_DIRECTIONS FOR THIS TASK:_ From the first line of the listing to the last, set down everything exactly, but skip the images.

_GIVEN MATERIAL:_
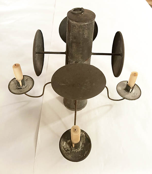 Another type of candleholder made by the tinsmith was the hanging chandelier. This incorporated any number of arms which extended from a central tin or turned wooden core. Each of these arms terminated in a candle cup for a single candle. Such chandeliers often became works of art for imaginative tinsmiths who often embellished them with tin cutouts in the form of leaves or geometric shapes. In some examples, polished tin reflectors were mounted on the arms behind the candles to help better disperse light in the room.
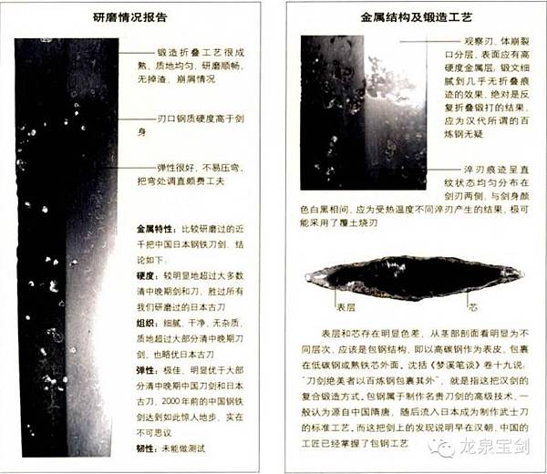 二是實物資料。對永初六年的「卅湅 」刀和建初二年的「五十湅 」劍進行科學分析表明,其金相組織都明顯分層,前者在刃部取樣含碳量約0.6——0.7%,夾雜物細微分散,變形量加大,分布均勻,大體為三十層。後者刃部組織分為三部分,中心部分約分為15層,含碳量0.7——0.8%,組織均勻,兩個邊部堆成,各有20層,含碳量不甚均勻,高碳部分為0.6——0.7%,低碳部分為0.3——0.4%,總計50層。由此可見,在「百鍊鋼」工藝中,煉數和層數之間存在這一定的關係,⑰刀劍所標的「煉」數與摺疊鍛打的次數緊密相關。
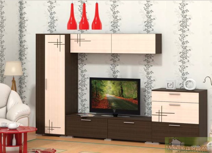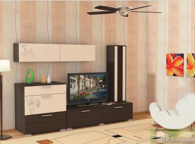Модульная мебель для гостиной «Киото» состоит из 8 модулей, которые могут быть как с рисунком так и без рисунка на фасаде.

_ANSWER FOR THIS EXERCISE:_
 Another type of candleholder made by the tinsmith was the hanging chandelier. This incorporated any number of arms which extended from a central tin or turned wooden core. Each of these arms terminated in a candle cup for a single candle. Such chandeliers often became works of art for imaginative tinsmiths who often embellished them with tin cutouts in the form of leaves or geometric shapes. In some examples, polished tin reflectors were mounted on the arms behind the candles to help better disperse light in the room.
 二是實物資料。對永初六年的「卅湅 」刀和建初二年的「五十湅 」劍進行科學分析表明,其金相組織都明顯分層,前者在刃部取樣含碳量約0.6——0.7%,夾雜物細微分散,變形量加大,分布均勻,大體為三十層。後者刃部組織分為三部分,中心部分約分為15層,含碳量0.7——0.8%,組織均勻,兩個邊部堆成,各有20層,含碳量不甚均勻,高碳部分為0.6——0.7%,低碳部分為0.3——0.4%,總計50層。由此可見,在「百鍊鋼」工藝中,煉數和層數之間存在這一定的關係,⑰刀劍所標的「煉」數與摺疊鍛打的次數緊密相關。
Модульная мебель для гостиной «Киото» состоит из 8 модулей, которые могут быть как с рисунком так и без рисунка на фасаде.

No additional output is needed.